カオスドラマX

Gray Traveller / 698

698
わったん 2026/07/19 (日) 22:19:19 >> 696

『……対話とは、未来に残る過去の残滓』
『その残滓が人の感情となり、また別の人へと伝播する命の雫』
『護られるべき尊い行程』
『貴方に課せられていた使命は、既に曲線を喪っており』
『私に提示する為の道は閉ざされている』
『故にこそ、貴方は私と対話するべきではなかった』
『私を、最初から鎮圧すべきだったんだろう』

「……確かに、アンタを倒せばそれで話は終わりだ」
「俺は都市の人間として依頼され、都市の人間としてアンタを始末する」
「普通の話」
「だが、これは俺の感覚だ」
「俺と同じように空虚になったはずのアンタに理解を示せなきゃ」
「俺はこの先、本当に自分を見付ける事なんて出来ない」
「だから、俺は対話を選んだんだ」
「選んだはずなのに」
「……答えが、出ない」

『それを成してきたのが』
『過去を彩る貴方、透明の軌跡だった』

「……」

『准えるべき過去は、持つものが提示する記録』
『それが退路であり、自分自身を形成するものである』
『思い出を持ちえない貴方が、私に言葉を投げかけること自体』
『それは時間の浪費に過ぎず、ただ立ち止まるだけの出来事』
『利口ではない』
『貴方は、都市の人間であるが故、過去で私を示す事は出来ない』

「……」

『見逃すという選択は、そもそもとして存在しないのだろうな』
『いずれにせよ、私は此処でいつか死ぬ』
『貴方の手によってではなく、他人の手によって』
『此処で死に往く事こそが私の望みであり』
『それが退路を示す事となるのだから』
『それなら、透明の軌跡』
『今此処で、貴方が剣を振ろうが振らまいが』
『結末は変わらない』
『貴方は、『ユンフ』ではないから』

「……」

生きた走馬灯が此処を離れない理由。
それは自身の退路を護れなかったことに対する罪悪。
そしてその罪悪から解放される為に、
自身の成したい事。
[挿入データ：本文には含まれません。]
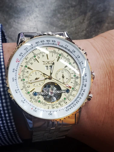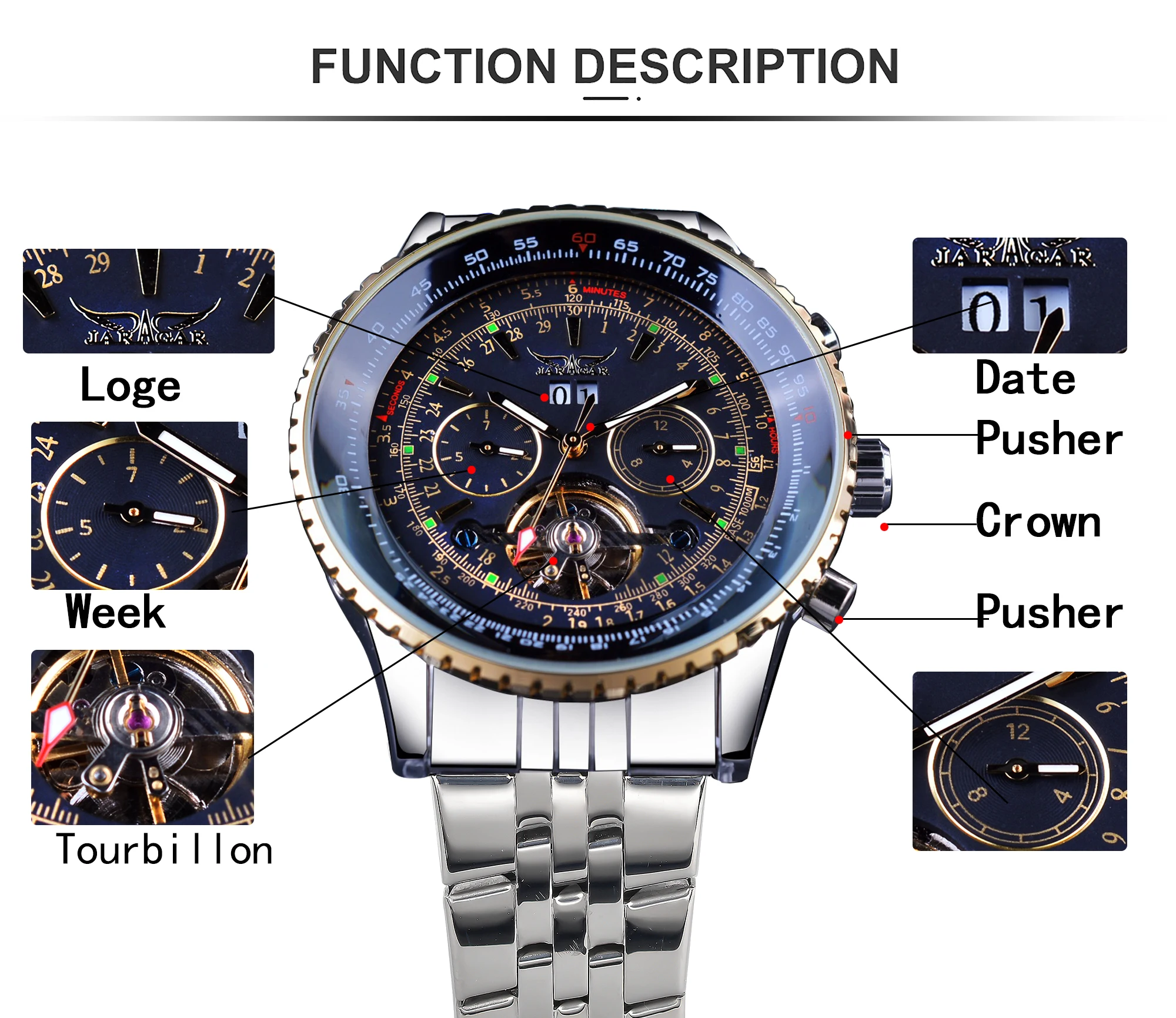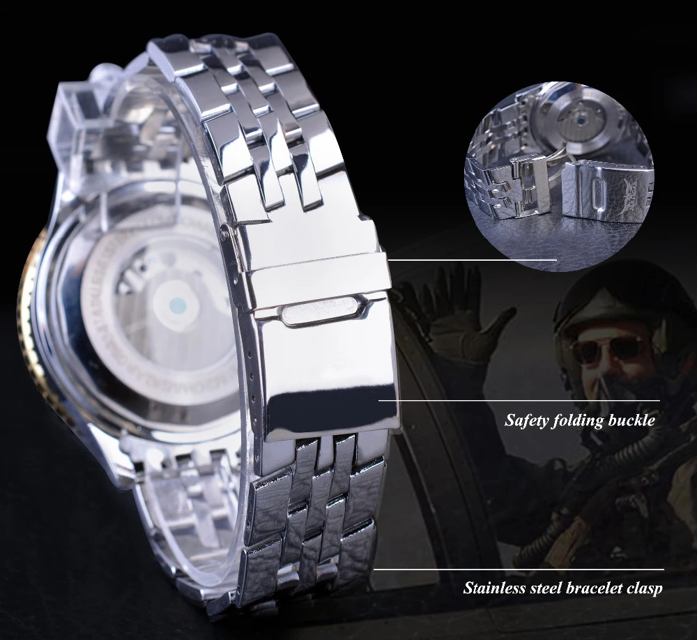 Jaragar 2017 Flying Series Goldene Lünette Skala Zifferblatt Design Edelstahl Herrenuhr Top-Marke Luxus Automatische Mechanische Uhr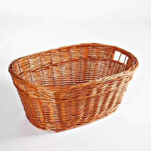 Cesto ovale con maniglie incassate intrecciato in vimini rosso.
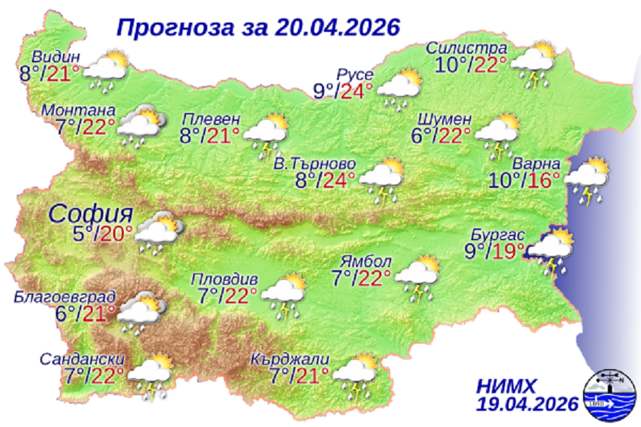 Максималните температури ще бъдат между 19° и 24°, по Черноморието - между 15° и 19°, в София – около 20°, прогнозират от НИМХ.

この場を護る街灯となりながらも、この場で散る事。
透明の軌跡は、生きた走馬灯が望む顛末に対して、
示せるものが何もなかった。
過去も思い出も、何もなかった。
だからこそ

「なら……それなら……退路なんかじゃなく」
「進路を見付けたらどうなんだよ……」

未来への想いを、吐露する事にした。